Oct 22, 2025 2,221 words in the original blog post.
Generative media is at the forefront of emerging AI-native applications, simplifying the development of AI-powered content creation tools such as video editors and personalized gaming experiences, thanks to Together AI's expansion of the Together Model Library in collaboration with Runware. This development addresses the complexity of managing multiple providers by integrating over 20 video models and 15 image models from major providers like Google and OpenAI, all accessible through a unified API. The platform enables seamless integration of text, image, and video generation, allowing for real-time content creation in applications ranging from gaming and dynamic advertising to interactive learning, without the need for multiple provider management. Together AI offers production-ready generative media capabilities with robust infrastructure, developer-friendly tools, and transparent pricing, maintaining the same user experience for text, image, and video generation, thereby streamlining the deployment and scaling of AI-driven applications.
Oct 21, 2025 903 words in the original blog post.

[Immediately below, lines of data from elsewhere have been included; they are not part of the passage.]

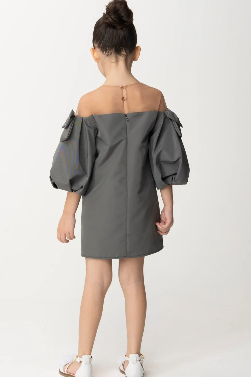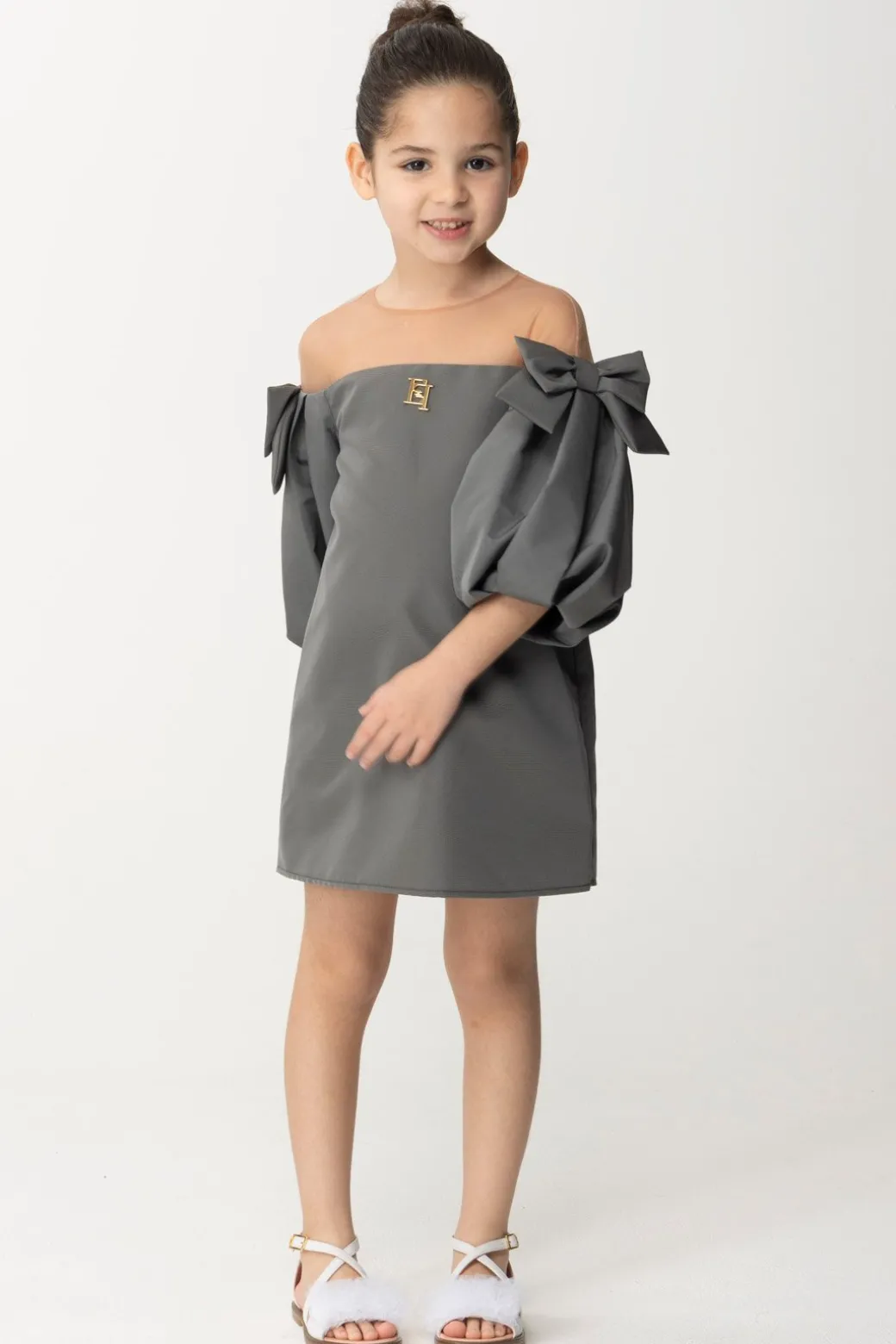 Abito Elisabetta Franchi la mia bambina che emana il perfetto mood da principessa! A renderlo speciale sono i suoi piccoli dettagli di stile, come la “scollatura” a barca che lascia le spalle ricoperte solo dal leggero tulle, le voluminose maniche a palloncino e infine i due fiocchetti che lo completano con un tocco super chic. Ideale per le occasioni speciali!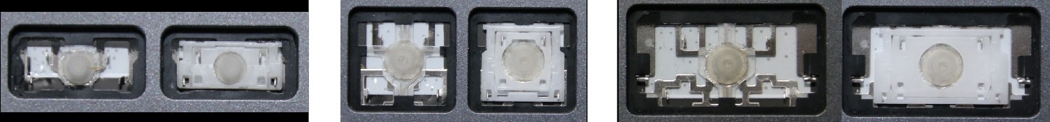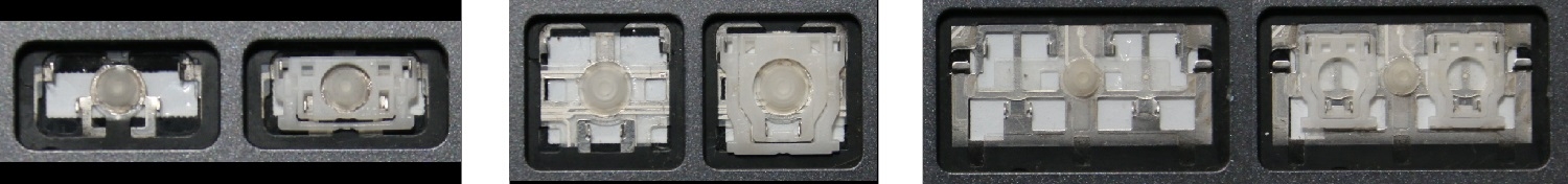 - Bij de meeste toetsenborden die er van buiten identiek uitzien, werden verschillende soorten clips onder de toetsen gebruikt.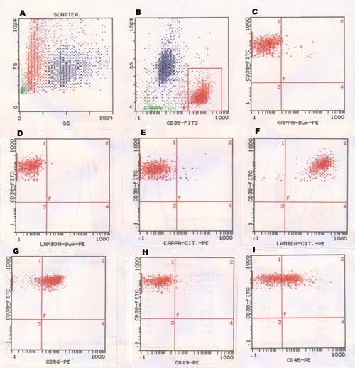 eventos rojos). Las células plasmáticas típicamente expresan CD38 con fuerte intensidad de fluorescencia, lo cual permite identificarlas con confiabilidad (región en color rojo en B). Los histogramas C a I muestran las características fenotípicas de las células plasmáticas de un caso de mieloma múltiple: negatividad a las cadenas Kappa y Lambda de superficie (C y D), expresión monotípica de cadena Lambda citoplasmática (E y F), expresión atípica de CD56 (G), ausencia atípica de CD19 (H) y la negatividad o débil expresión de CD45 (I). |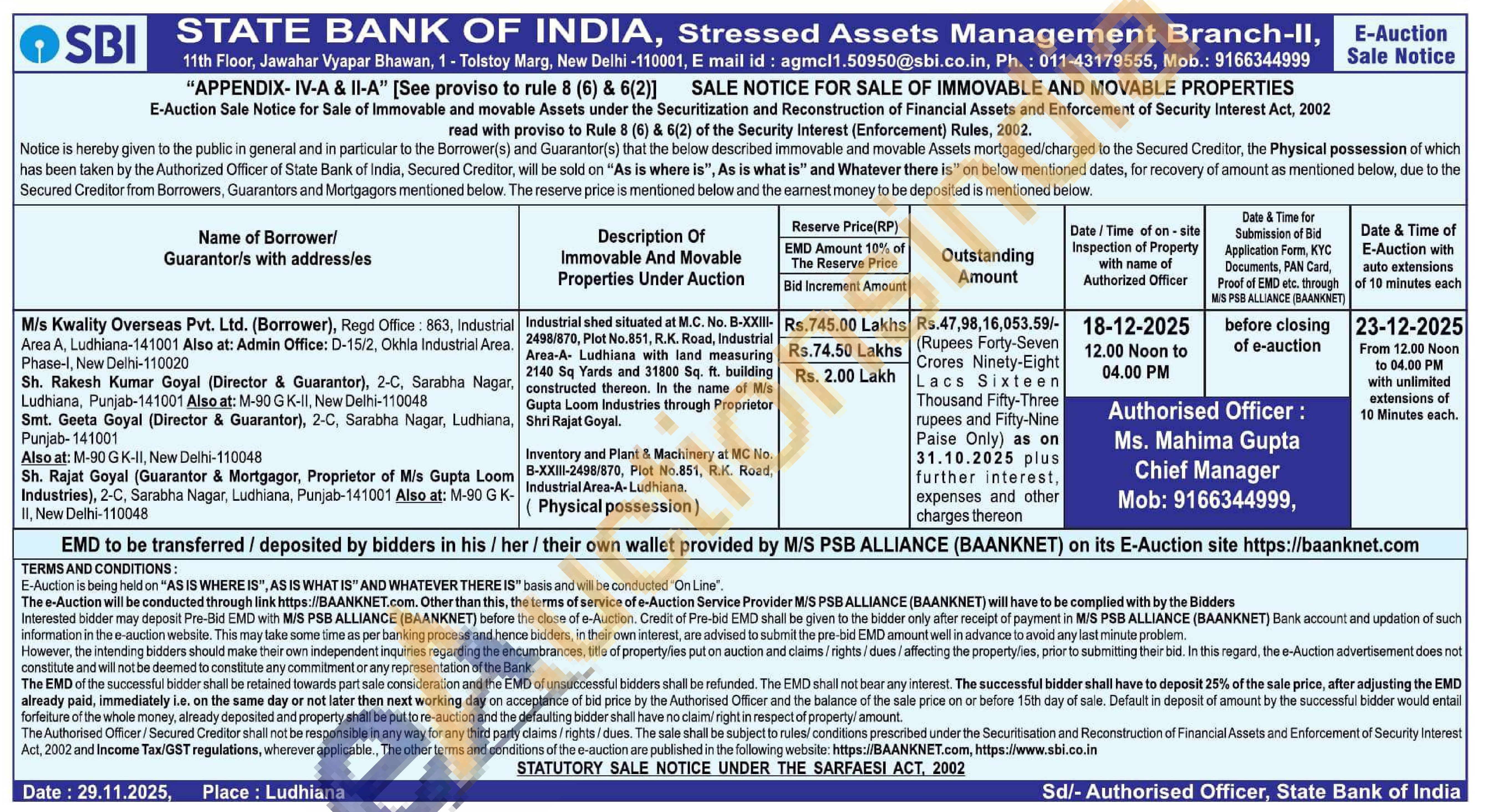 Industrial shed situated at M.C. No. B-XXII-Arsa-A- 2496/870, Ludhiana Plot No. 851, with R.K. land Road, measuring Industrial 2140 Sq Yards and 31800 Sq. ft. building constructed thereon. In the name of Mis Gupta Loom Industries through Proprietor Shri Rajat Goyal.

Startups are leading the charge in the AI revolution, developing AI-native applications that offer new experiences, supported by Together AI's AI Native Cloud platform. To assist these startups, the Together AI Startup Accelerator provides a comprehensive support program that includes platform credits, engineering expertise, and go-to-market (GTM) support. Participants gain exclusive access to a vibrant peer community and a network of venture capitalists, enhancing learning and collaboration. Companies like Corridor.dev and PlayerZero are already benefiting from this program, which includes up to $50,000 in platform credits, hands-on engineering assistance, access to best practices in AI engineering, and marketing opportunities. The accelerator is designed to accommodate startups at various stages of growth, offering tailored support through three funding-based tiers, ensuring that AI startups can build, grow, and scale efficiently with the necessary resources and support.
Oct 15, 2025 671 words in the original blog post.
Together AI is enhancing the performance of large language models through its Adaptive-Learning Speculator System (ATLAS), part of the Together Turbo inference suite. ATLAS is designed to automatically improve performance without manual tuning by dynamically adapting to real-time usage patterns, unlike traditional static or custom-trained speculators. This system employs two cooperating speculators—a static one trained on a broad corpus and a lightweight adaptive one that updates with real-time traffic—guided by a confidence-aware controller to optimize speculation lookahead and enhance speed and accuracy. ATLAS has demonstrated significant performance gains, such as achieving up to 500 tokens per second on DeepSeek-V3.1, outperforming specialized hardware by dynamically aligning with evolving workloads. This advancement underscores Together AI's commitment to delivering scalable, efficient AI systems that are continuously optimized for speed and adaptability, thereby reducing latency and ensuring high-quality output in varied and rapidly changing environments.
Oct 10, 2025 2,048 words in the original blog post.